朱潮面色看似淡定,实则内心早已翻江倒海。大乘中期……在对方眼中他们全是蝼蚁。他只能强压心中惊涛骇浪,努力维持表面的平静——绝不能给弟子们丢脸。
温馨的意识,则在与玄黑龙凤戒中的叵罟魔魂沟通:
「前辈……这大乘修士,我们……」
「莫慌。」叵罟的声音懒洋洋的,仿佛在说一件微不足道的小事,「重元宗这些修士……修行路上谁没点心魔?尤其这大乘期的老家伙,能修到此等境界,心中执念、恐惧、欲望,早已积累如山。」
他轻笑一声:「这些心魔,尽在本座掌控之中。他稍有异动,我便会知晓。届时……后发先至,化危机于无形。」
温馨心中稍安。
而此时,凌河已抬头,迎向柯泀码的目光。
“既然重元宗真正的话事人来了……”凌河声音清朗,不卑不亢,“那便请前辈,为我们做个主。”
他抬手指向身旁的朱潮与温馨。
“我且问前辈——”凌河一字一顿,“重元宗,为何要无故关押我师尊朱潮真人,以及我师妹温馨?”
“请,给晚辈一个……合理的解释。”
柯泀码闻言,转头看向孙薰。
那眼神平静,却让孙薰心头一紧。
“孙薰。”柯泀码淡淡道,“怎么回事?”
孙薰连忙躬身,快速组织语言:“回太上长老,事情是这样的——”
“前些时日,弟子前往中苓煜宿宫,拜会乔礼娲宫主。回宗后,发现宗主大殿中多了一名金丹执事,便是此女温馨。”
他指向温馨,语气渐渐平稳:“此女来历不明,入门审查时语焉不详。弟子怀疑她是别有用心的细作,为查明真相,便将她暂时收入‘姒婚图’中囚禁——实则只是限制自由,并未用刑,更无加害之意。”
孙薰顿了顿,继续道:“谁曾想,前几日此女不知用了何种手段,竟将姒婚图秘境从内部捣毁,逃了出来,还躲进了凤族祖地晁旸宫。

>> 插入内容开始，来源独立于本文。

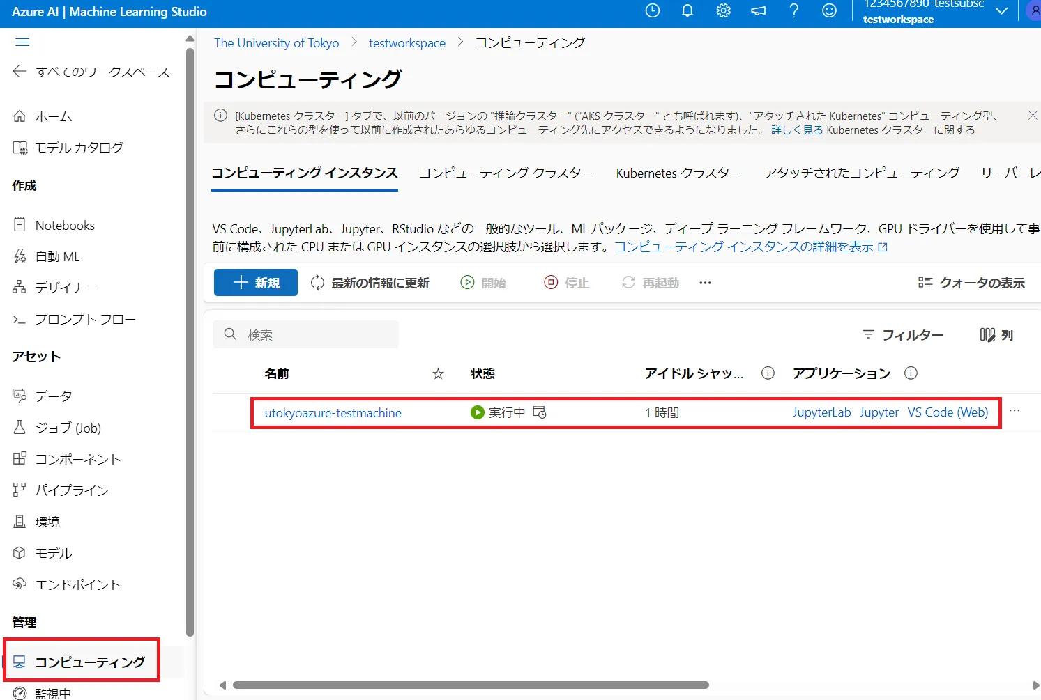 • 左の一覧からコンピューティングを選択すると,作成したマシンのステータスが表示されます.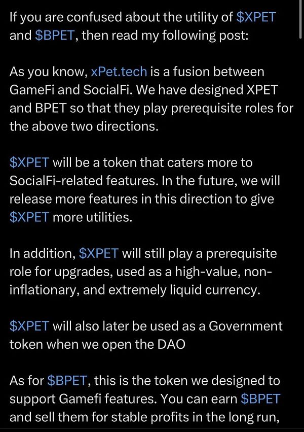 我们设计了XPET和BPET,使它们在上述两个方向上起到先决角色。XPET将是一个更适用于与SocialFi相关功能的代币。在未来,我们将发布更多在这个方向上的功能,以为XPET提供更多的实用性。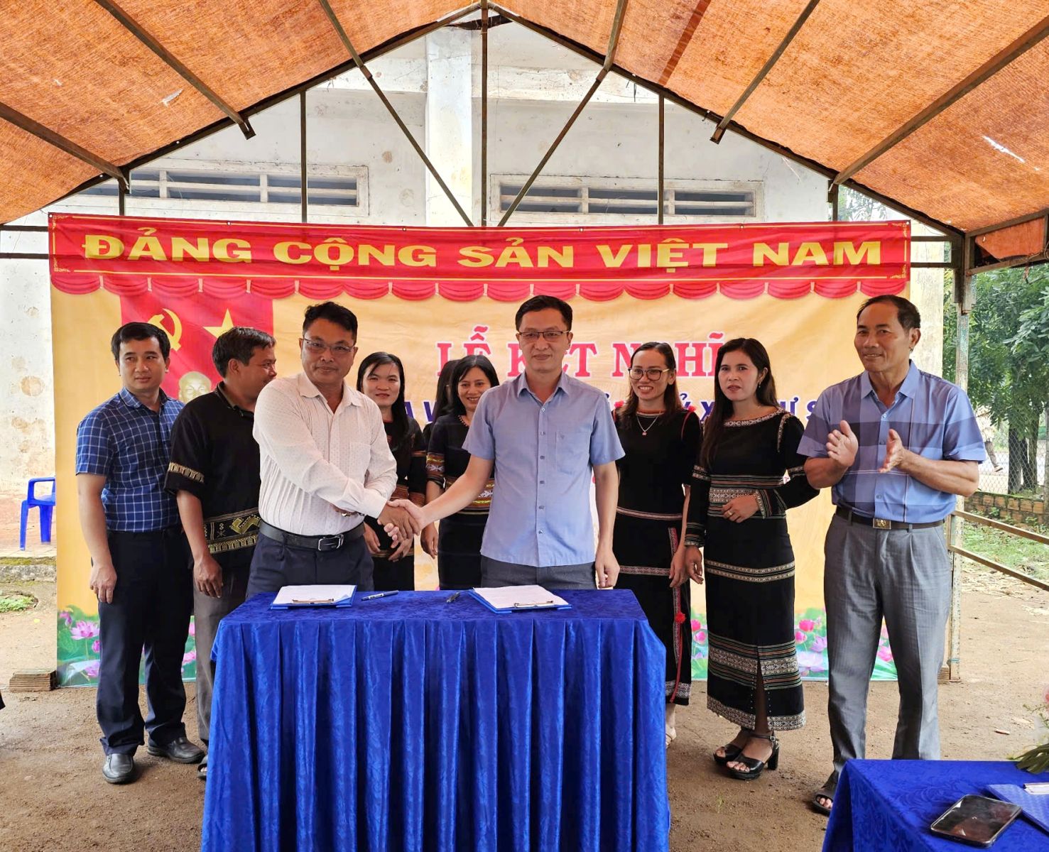 Đại diện Văn phòng Đảng ủy xã và làng Greo Pết ký kết nghĩa. Ảnh: Mỹ Đức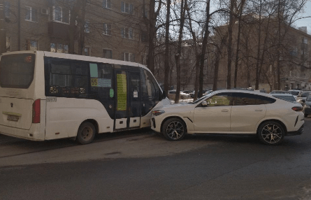 На этой же улице случилось и ещё одно ДТП, с автобусом. Иномарка врезалась в маршрутку № 55.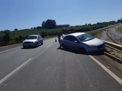 Motorista perde controle da direção e bate em defensa metálica na BR-376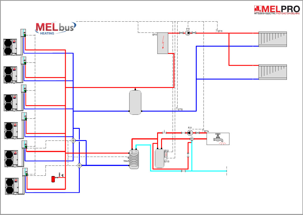 MELbus Heating är en standardiserad värmecentralstyrning optimerad för anläggningar med Mitsubishi Electric värmepumpar.

”
“弟子得知后,亲赴凤族要人,想探明究竟。可凤族不但不交人,反而态度强硬,逼我重元宗表态——要与中苓煜宿宫势不两立,站队凤族!”
孙薰脸上露出愤慨之色:“我重元宗屹立重元大陆无数岁月,何时能被他人威胁?作为宗主,弟子岂能答应此等无理要求?乔宫主统领中域五地,乃我中域共主,弟子与凤族交好,本是为平衡势力。如今凤族跳反,弟子……也只能与他们决裂。”
一番话,说得冠冕堂皇,将责任全推给了凤族和“来历不明”的温馨。
柯泀码听完,眉头微蹙。
他闭关百年,对外界局势变化了解不多。但“凤族与中苓煜宿宫对立”这一点,他却是知晓的——这是中域持续数万年的权力格局。
若真如孙薰所言,那这五人……很可能是凤族请来的外援!
柯泀码眼神转冷,看向凌河:
“如此说来,你们是凤族派来的人?潜伏我重元宗,意欲何为?”
这话,已带着质问的意味。
凌河闻言,却笑了。
“前辈莫要乱扣帽子。”他摇头,“我们与凤族素不相识,今日之前,甚至未曾踏足过混沌地。”
他指向温馨:“我师妹入重元宗,只为寻个安稳修炼之地,并无他意。孙宗主说她‘潜伏’,只是他的臆测,并无实证。而我师妹在宗期间,可曾做过任何越轨之事?可曾窃取过宗门机密?可曾伤害过任何同门?”
凌河声音渐高:“既然没有,那凭什么将她关入死牢秘境?还有我师尊朱潮——他又为何被你们关押?难道也是‘细作’?”
孙薰先是一怔,随即反应过来,连忙道:“我只关押了此女!将她收入姒婚图,不过是小惩大诫,本打算一月后便将她放出——关她,无非是想让她说出真实来历而已!”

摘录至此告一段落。